Compute the impurity information from a sequence of subtrees by using an independent set. The subtrees are based on a modified CARTGV tree (i.e. a CARTGV tree that is included in a RFGV forest).

impurity.cartgv.rf(validation, tree_seq, tree)

Arguments

validation

a new data frame containing the same variables that "data".

tree_seq

the object returned by the function "extract_subtrees". Each element of this sequence is an object "tree" returned by the function cartgv.rf.

tree

a fitted modified CARTGV tree. It is an output of the function "cartgv.rf".

Value

a list with elements - impurete: a data frame containing the value of several impurity fucntions (in this order Gini, Entropy, misclassification rate) for each subtree of the sequence. The i-th row corresponds to the i-th subtree of the sequence. - pred: a list containing the prediction of the label for the data set "validation" based on each subtree.
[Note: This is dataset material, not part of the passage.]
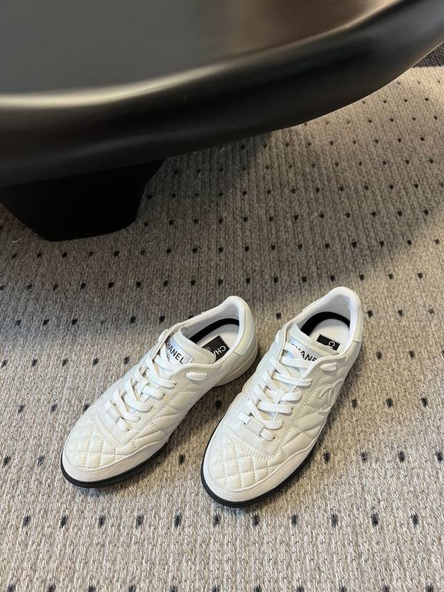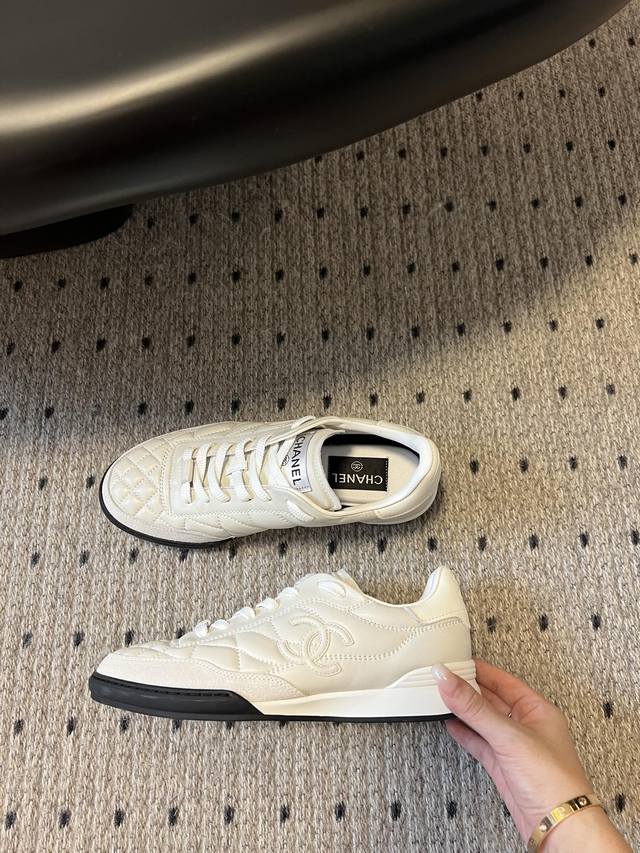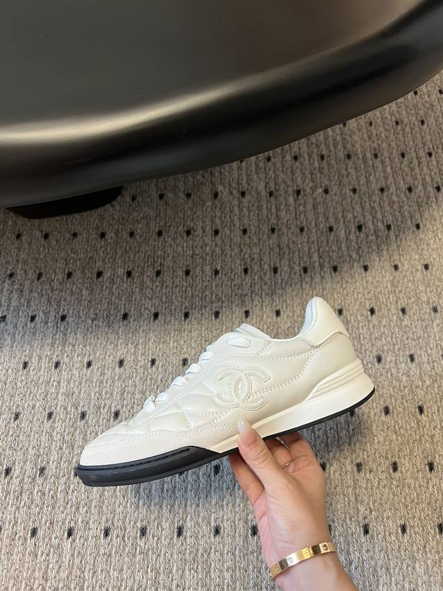 顶级版本: ::Chane* 25Ss 香奈儿低跟运动鞋 采用皮革与网面拼接的材质,兼具质感与透气性。鞋身带有品牌标志性的双C...
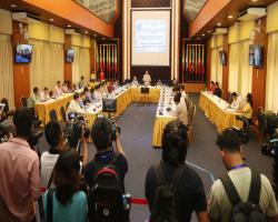 A meeting between Dr. Win Myat Aye, UEHRD Vice Chairman (1), UEHRD committee members and Task Forces was held at the National Reconciliation and Peace Center in Yangon yesterday afternoon. Dr. Win Myat Aye is also the Union Minister for Social Welfare, Relief and Resettlement. (UEHRD – Union Enterprise for Humanitarian Assistance, Resettlement and Development in Rakhine).

Precisely, the i-th element is the object returned by the function "predict_cartgv.rf" for the i-th subtree nd by using the data set "validation". - summary_noeuds: a list containg for each subtree informations about the nodes (nom_noeuds: node name, N: number of observations in the node, N[Y=1]: number of observation with "Y=1" in the node, N[Y=0]: number of observation with "Y=0" in the node, P[Y=1]: estimated probability that an observation in the node is assigned to the label "Y=1", P[Y=1]: estimated probability that an observation in the node is assigned to the label "Y=0" and P[hat.Y!=Y]: misclassification rate in the node).